De ce visage que j’ai reçu à ma naissance, j’ai des choses à dire. D’abord, qu’il m’a fallu l’accepter. Affirmer que je ne l’aimais pas serait lui donner une importance qu’il n’avait pas quand j’étais enfant. Je ne le haïssais pas, je l’ignorais, je l’évitais. Je ne le regardais pas dans les miroirs.

Pendant des années, je crois que je ne l’ai jamais vu. Sur les photos, je détournais les yeux, comme si quelqu’un d’autre s’était substitué à moi.

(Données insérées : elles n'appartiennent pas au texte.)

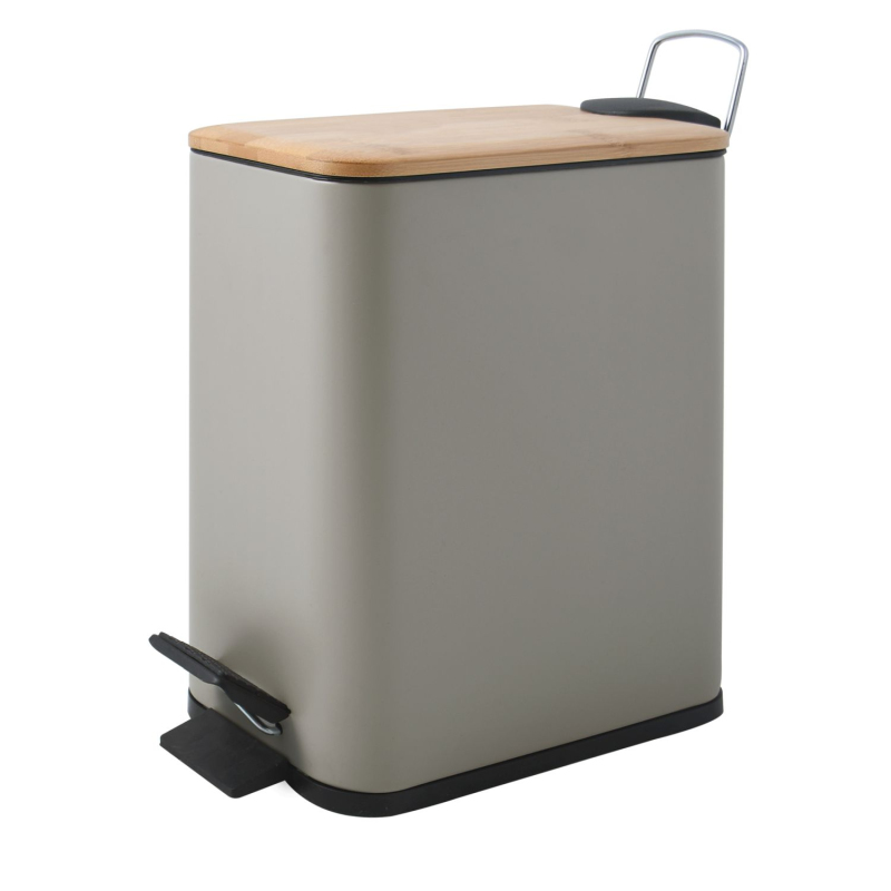 Spirella pedálový odpadkový koš ERIK šedo-hnědá ocel bambusové víko 5 L 10.22583

À l’âge de huit ans à peu près, j’ai vécu en Afrique de l’Ouest, au Nigeria, dans une région assez isolée où, hormis mon père et ma mère, il n’y avait pas d’Européens, et où l’humanité, pour l’enfant que j’étais, se composait uniquement d’Ibos et de Yoroubas. Dans la case que nous habitions (le mot case a quelque chose de colonial qui peut aujourd’hui choquer, mais qui décrit bien le logement de fonction que le gouvernement anglais avait prévu pour les médecins militaires, une dalle de ciment pour le sol, quatre murs de parpaing sans crépi, un toit de tôle ondulée recouvert de feuilles, aucune décoration, des hamacs accrochés aux murs pour servir de lits et, seule concession au luxe, une douche reliée par des tubes de fer à un réservoir sur le toit que chauffait le soleil), dans cette case, donc, il n’y avait pas de miroirs, pas de tableaux, rien qui pût nous rappeler le monde où nous avions vécu jusque-là. Un crucifix que mon père avait accroché au mur, mais sans représentation humaine. C’est là que j’ai appris à oublier. Il me semble que c’est de l’entrée dans cette case, à Ogoja, que date l’effacement de mon visage, et des visages de tous ceux qui étaient autour de moi.

De ce temps, pour ainsi dire consécutivement, date l’apparition des corps. Mon corps, le corps de ma mère, le corps de mon frère, le corps des jeunes garçons du voisinage avec qui je jouais, le corps des femmes africaines dans les chemins, autour de la maison, ou bien au marché, près de la rivière. Leur stature, leurs seins lourds, la peau luisante de leur dos. Le sexe des garçons, leur gland rose circoncis. Des visages sans doute, mais comme des masques de cuir, endurcis, couturés de cicatrices, de marques rituelles. Les ventres saillants, le bouton du nombril pareil à un galet cousu sous la peau. L’odeur des corps aussi, le toucher, la peau non pas rude mais chaude et légère, hérissée de milliers de poils. J’ai cette impression de la grande proximité, du nombre des corps autour de moi, quelque chose que je n’avais pas connu auparavant, quelque chose de nouveau et de familier à la fois, qui excluait la peur.